#### [REQUIREMENT]
In the material below, begin at the line that has "Science is settled", stop after the line that has "Tekin á 35 ára", and transcribe those lines exactly, without pictures.
+++ LISTED ENTRIES +++
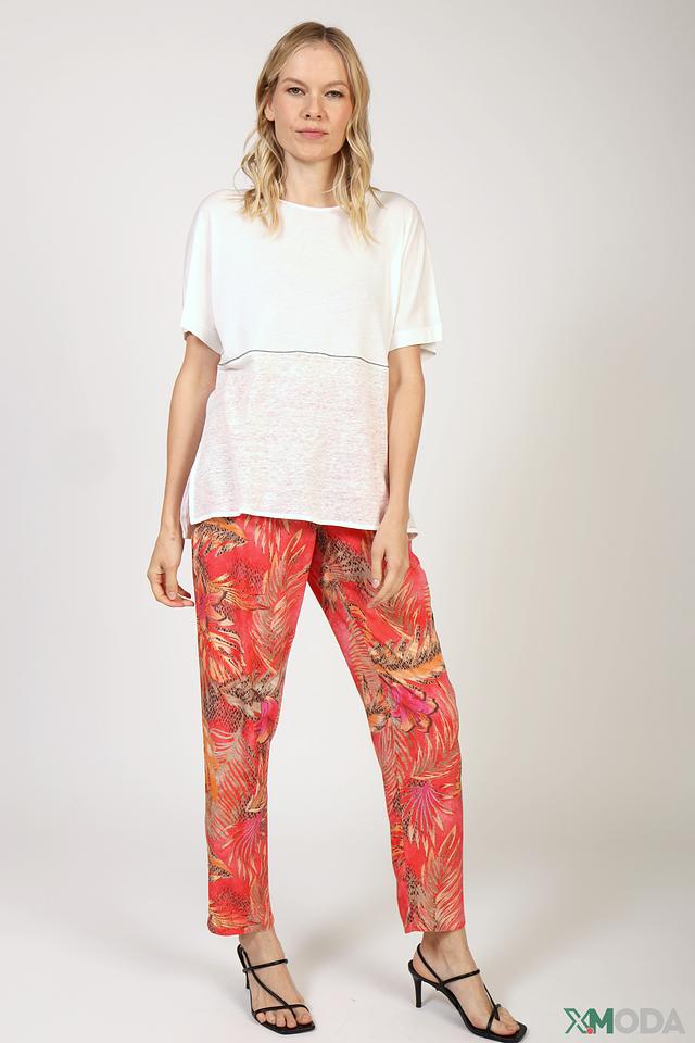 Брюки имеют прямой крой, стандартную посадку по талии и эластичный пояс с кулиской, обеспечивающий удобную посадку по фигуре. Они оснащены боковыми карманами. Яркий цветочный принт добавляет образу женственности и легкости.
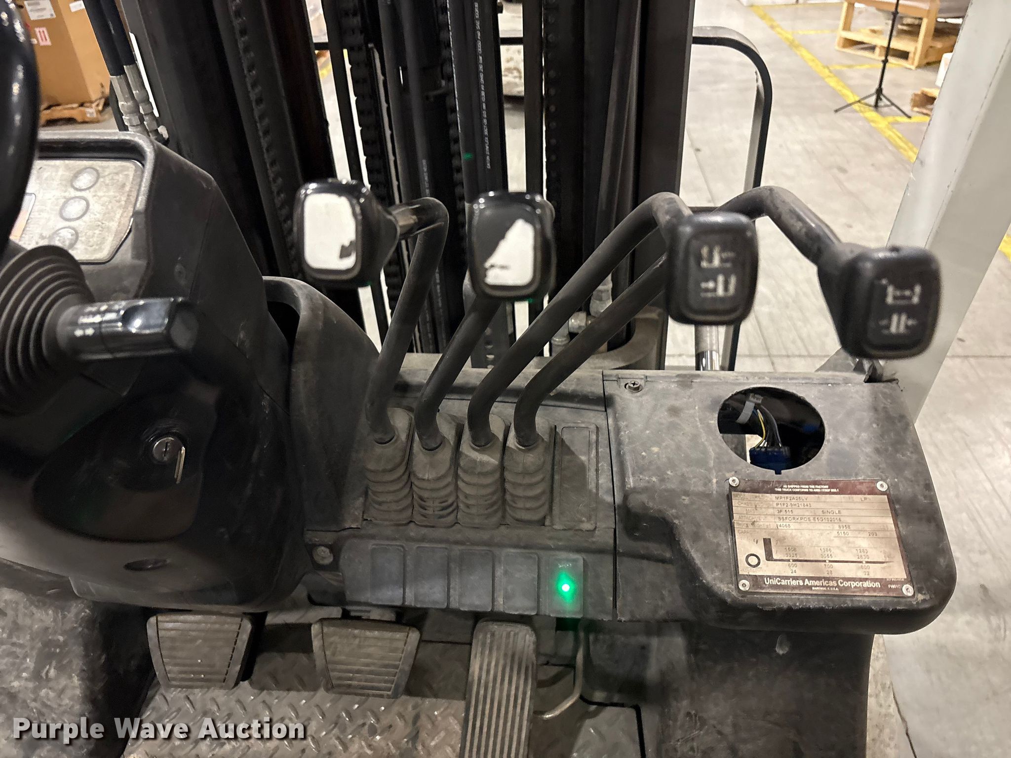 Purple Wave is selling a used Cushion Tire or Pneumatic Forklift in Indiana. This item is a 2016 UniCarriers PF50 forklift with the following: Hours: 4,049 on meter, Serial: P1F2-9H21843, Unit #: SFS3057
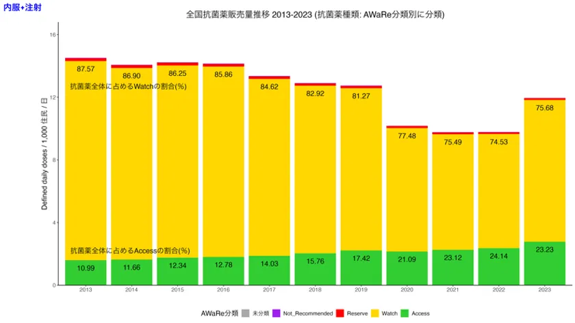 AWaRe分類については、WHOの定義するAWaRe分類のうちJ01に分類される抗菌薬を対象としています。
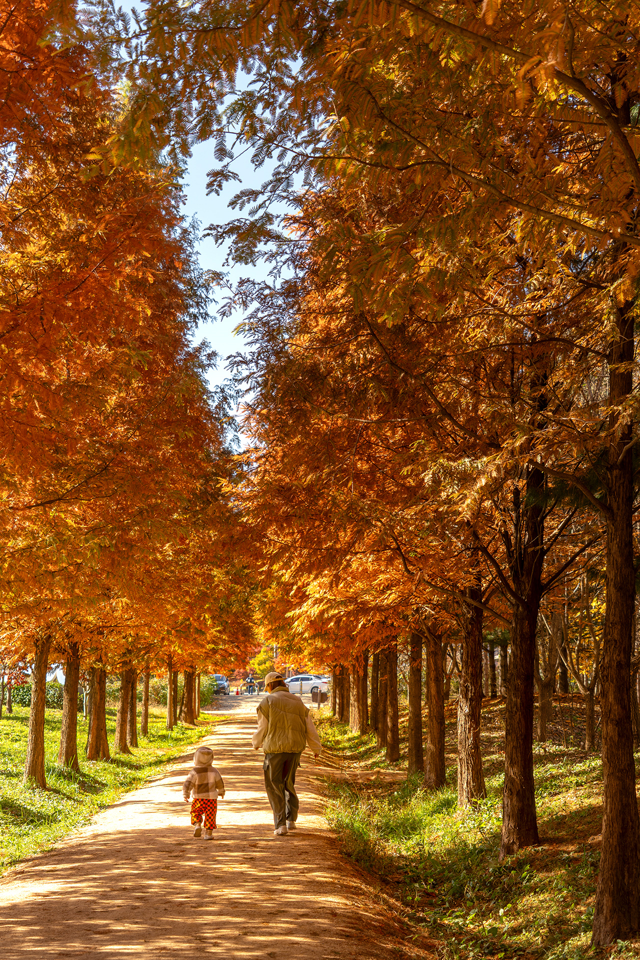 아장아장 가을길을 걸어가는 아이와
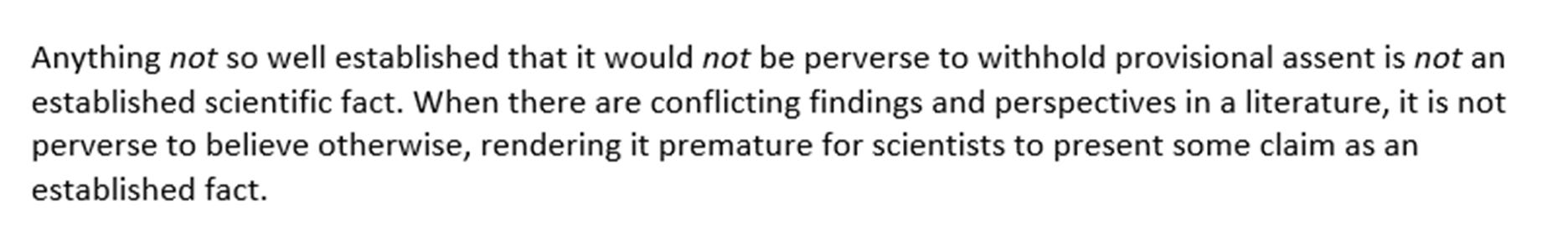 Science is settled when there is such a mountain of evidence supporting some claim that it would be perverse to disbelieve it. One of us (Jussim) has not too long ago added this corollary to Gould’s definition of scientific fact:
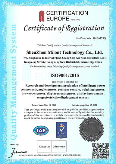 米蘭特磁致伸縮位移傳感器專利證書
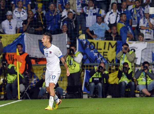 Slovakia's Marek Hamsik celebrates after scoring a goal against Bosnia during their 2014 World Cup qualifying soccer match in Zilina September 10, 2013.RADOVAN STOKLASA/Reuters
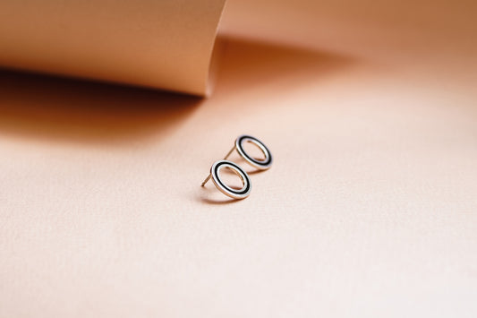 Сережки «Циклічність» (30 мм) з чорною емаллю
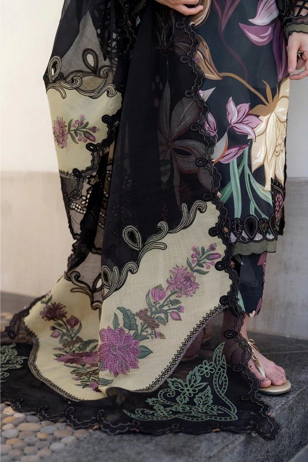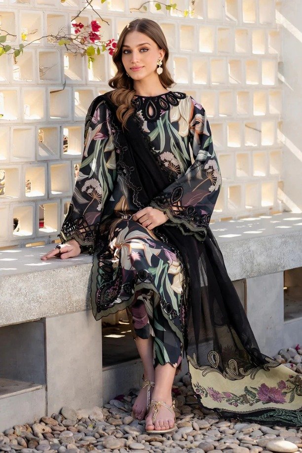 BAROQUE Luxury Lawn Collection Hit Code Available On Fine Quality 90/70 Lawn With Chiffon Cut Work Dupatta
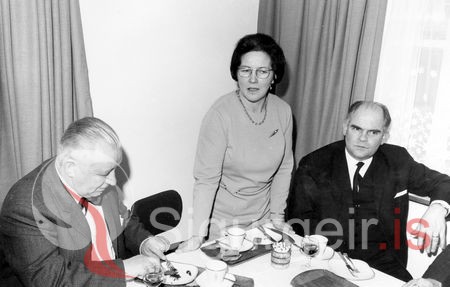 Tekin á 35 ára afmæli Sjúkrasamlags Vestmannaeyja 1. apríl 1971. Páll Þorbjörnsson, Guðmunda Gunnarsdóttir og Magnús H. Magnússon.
+++
+++ LISTED ENTRIES +++
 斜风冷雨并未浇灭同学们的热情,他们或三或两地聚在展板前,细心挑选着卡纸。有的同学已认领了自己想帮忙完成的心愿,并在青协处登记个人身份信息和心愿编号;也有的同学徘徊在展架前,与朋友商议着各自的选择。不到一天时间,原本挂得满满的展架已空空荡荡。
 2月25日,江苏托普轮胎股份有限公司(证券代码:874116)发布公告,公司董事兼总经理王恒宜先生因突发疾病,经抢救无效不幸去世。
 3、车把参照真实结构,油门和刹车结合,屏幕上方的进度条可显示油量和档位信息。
+++
+++ LISTED ENTRIES +++
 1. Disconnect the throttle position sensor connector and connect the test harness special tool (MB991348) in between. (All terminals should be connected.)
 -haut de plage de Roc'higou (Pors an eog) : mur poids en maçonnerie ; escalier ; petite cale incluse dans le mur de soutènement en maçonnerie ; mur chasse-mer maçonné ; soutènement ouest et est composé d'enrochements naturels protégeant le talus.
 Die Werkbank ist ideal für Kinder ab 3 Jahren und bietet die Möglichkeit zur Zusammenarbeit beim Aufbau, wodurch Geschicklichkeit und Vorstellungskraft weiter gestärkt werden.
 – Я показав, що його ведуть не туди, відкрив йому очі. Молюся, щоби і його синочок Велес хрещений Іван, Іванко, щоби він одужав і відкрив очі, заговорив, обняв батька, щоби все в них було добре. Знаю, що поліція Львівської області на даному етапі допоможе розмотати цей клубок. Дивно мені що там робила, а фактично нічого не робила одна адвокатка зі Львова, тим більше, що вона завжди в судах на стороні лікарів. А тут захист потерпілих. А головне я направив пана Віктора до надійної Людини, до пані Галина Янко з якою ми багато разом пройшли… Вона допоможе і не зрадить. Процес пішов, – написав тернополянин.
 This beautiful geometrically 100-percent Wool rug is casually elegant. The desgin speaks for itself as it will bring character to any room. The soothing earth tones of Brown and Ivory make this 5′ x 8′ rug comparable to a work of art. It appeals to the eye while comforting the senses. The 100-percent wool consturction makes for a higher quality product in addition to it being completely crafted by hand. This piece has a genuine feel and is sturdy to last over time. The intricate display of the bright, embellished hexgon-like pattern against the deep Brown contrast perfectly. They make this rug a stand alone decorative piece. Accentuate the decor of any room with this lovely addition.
+++
#### [YOUR SOLUTION]
 Science is settled when there is such a mountain of evidence supporting some claim that it would be perverse to disbelieve it. One of us (Jussim) has not too long ago added this corollary to Gould’s definition of scientific fact:
 米蘭特磁致伸縮位移傳感器專利證書
 Slovakia's Marek Hamsik celebrates after scoring a goal against Bosnia during their 2014 World Cup qualifying soccer match in Zilina September 10, 2013.RADOVAN STOKLASA/Reuters
 Сережки «Циклічність» (30 мм) з чорною емаллю
 BAROQUE Luxury Lawn Collection Hit Code Available On Fine Quality 90/70 Lawn With Chiffon Cut Work Dupatta
 Tekin á 35 ára afmæli Sjúkrasamlags Vestmannaeyja 1. apríl 1971. Páll Þorbjörnsson, Guðmunda Gunnarsdóttir og Magnús H. Magnússon.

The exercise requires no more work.